Scene4 私を助けて!



 全てが憂鬱だった。
 家では親の期待が重く圧し掛かり、学校では土屋が私をイラ立たせる。
 もう少し経ったら夏休み……なのに休みは返上。夏期講習で塾と家を往復の日々が待っている。
 塾では殆ど一日中、クーラーの効いた寒い教室に閉じ込められて、嫌いな化学や数学を中心とした授業を受けなきゃならない。
 そんなの苦痛に決まってるけど、流石に講習をサボるとバレてしまうから通わないワケにもいかない。はぁ……。
 全ては将来のためだと、お母さんは言う。
 お父さんやお兄ちゃんと同じように、あの大学に入れば就職は楽なんだから。なんて。
 どうせその就職先も、兄が勤める一流企業と比べられるだけだ。兄より優秀にはなれそうもない。

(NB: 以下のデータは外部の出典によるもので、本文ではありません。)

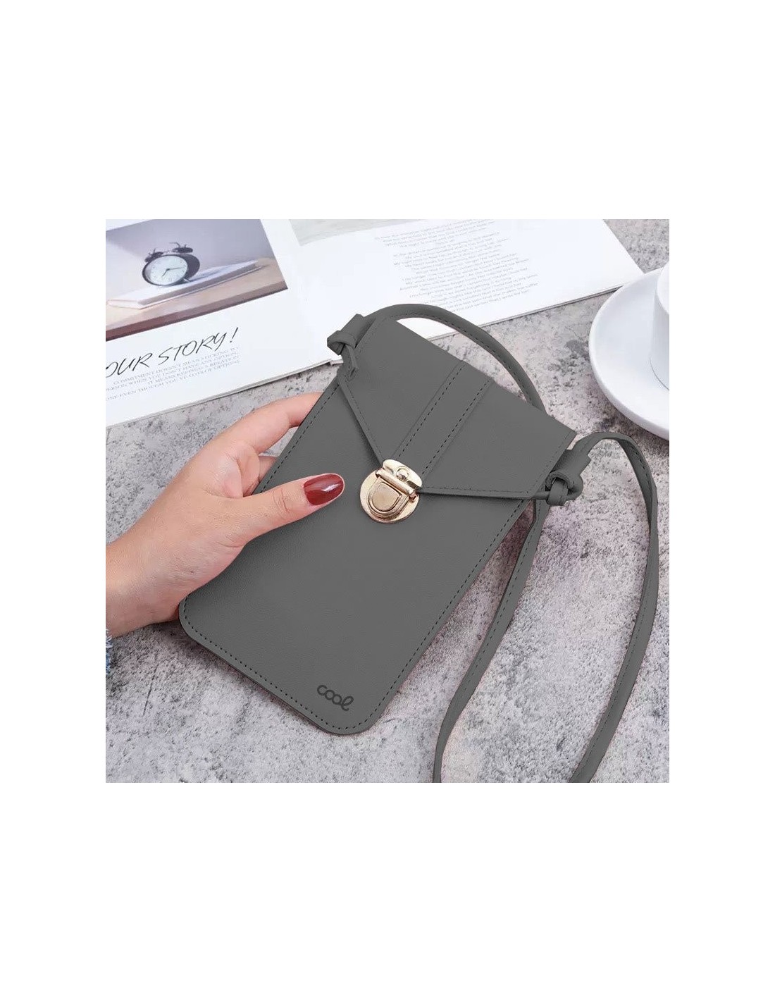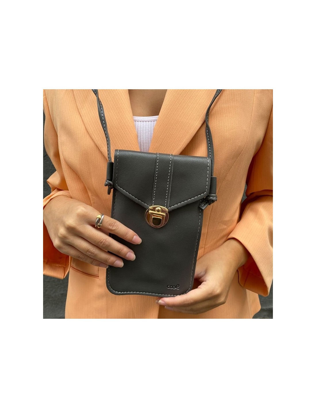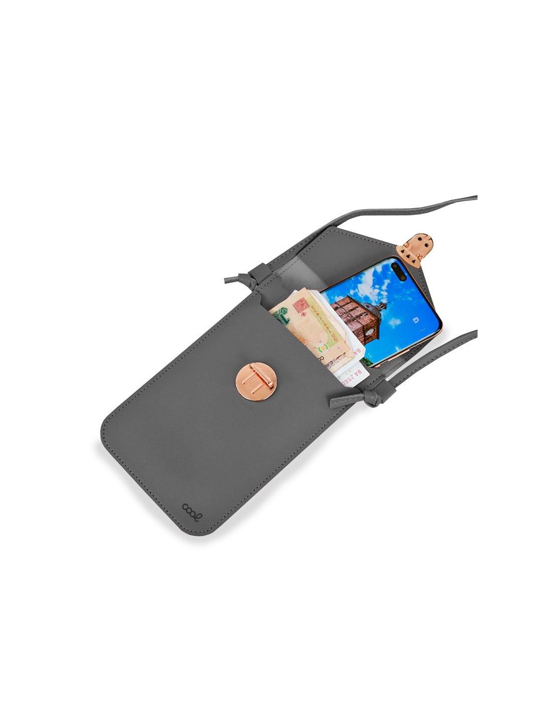 Perfecta para guardar tu smartphone, tarjetas, billetes, monedas, carnet de identidad... Cuenta con un cierre metálico y dos bolsillos interiores.
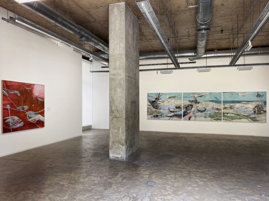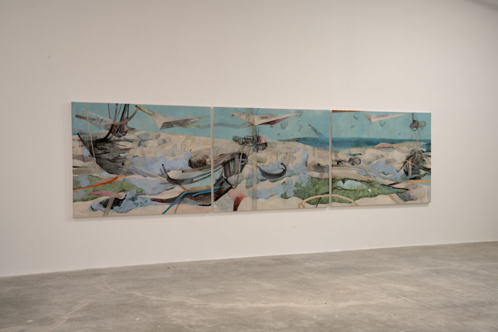 (Left) Adel Abidin, Drift (triptych), 2025, Acrylic on Canvas, 156 x 600 cm. (Right) Adel Abidin, Displaced, 2025, Acrylic on Canvas, 200 x 310 cm.
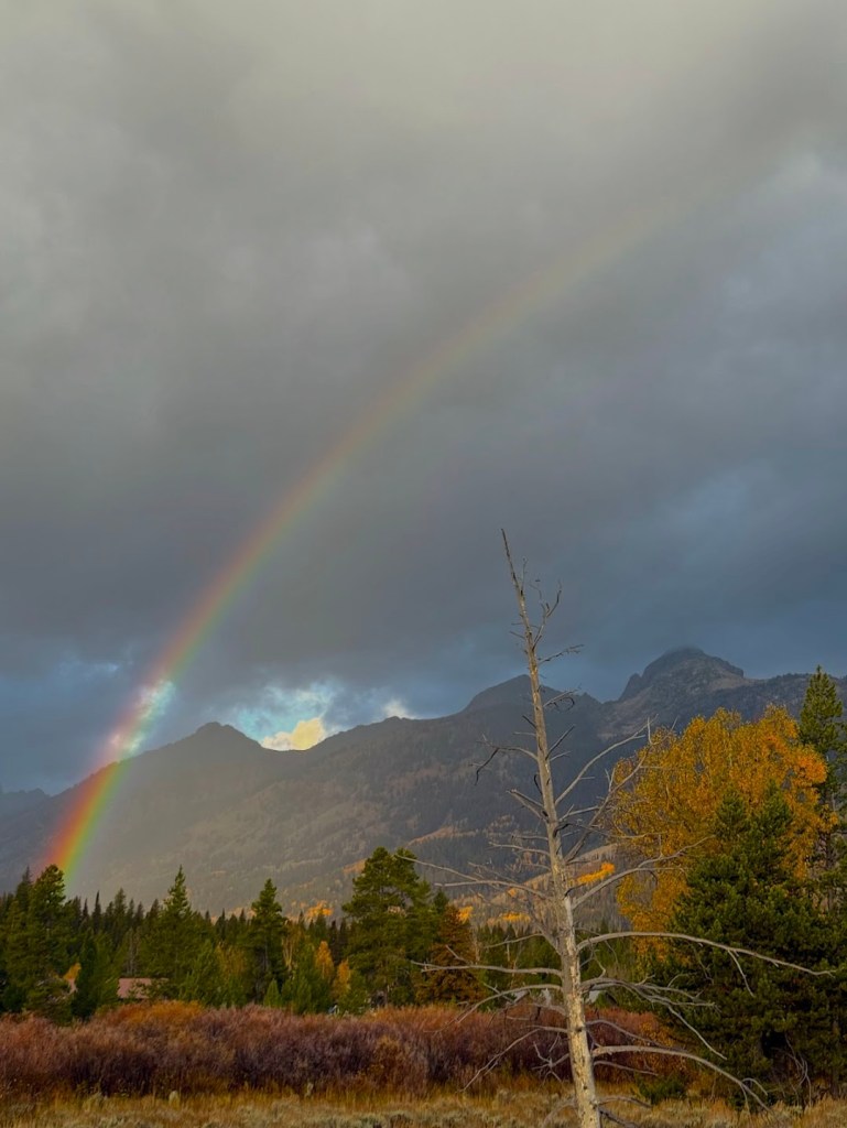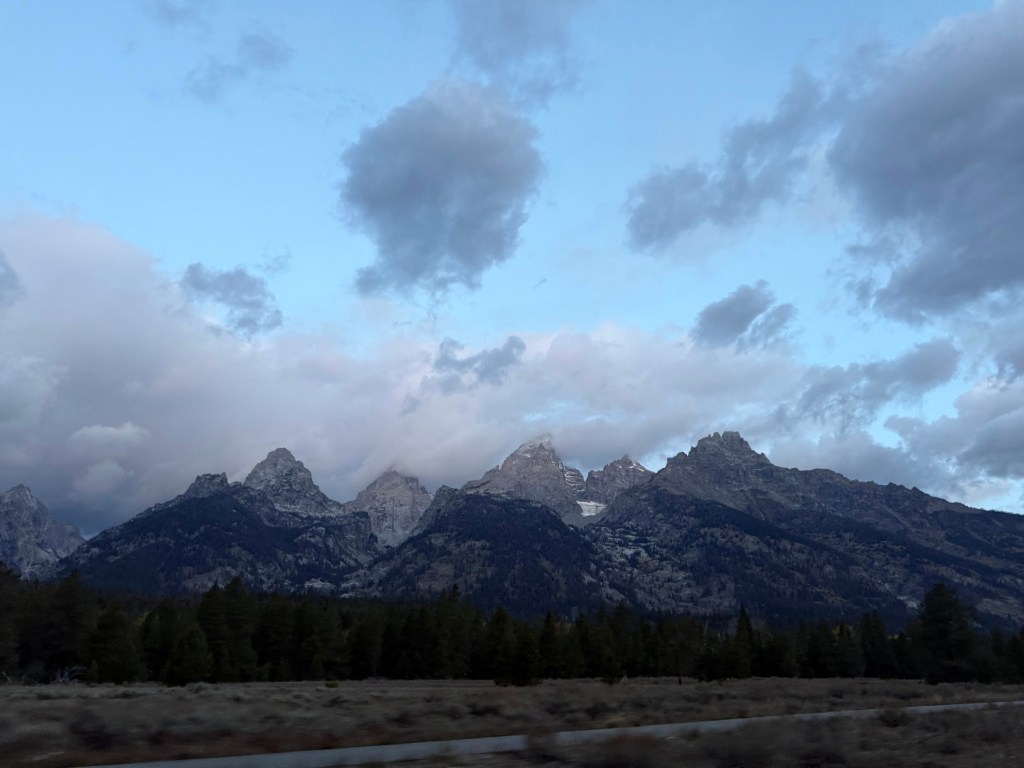 When we finally put gas in the tank, my car had twenty three miles before empty. Dawn threatened to blast away the wispy small rain clouds, but the clouds had better plans. At Jenny Lake, we positioned our cameras and waited for the sun to shine on the Tetons. While we captured some great shots, we had to accept that our deadline for beelining home was here and we needed to leave. We packed our cameras up in the Prius one last time and the sun shone down where we had hoped, a rainbow faintly dancing in front of it.

 第一、大学に入れたとして、私は何をすればいいの?学びたいものなんて何もない……私が選んだ大学じゃないんだから。
 先にある未来を糧に頑張ろうと思っても、無駄だ。そうしようとする努力にさえ反吐が出る。
 私の望むモノなんか其処には無い。そんな事、今現在でも解かりきっているというのに。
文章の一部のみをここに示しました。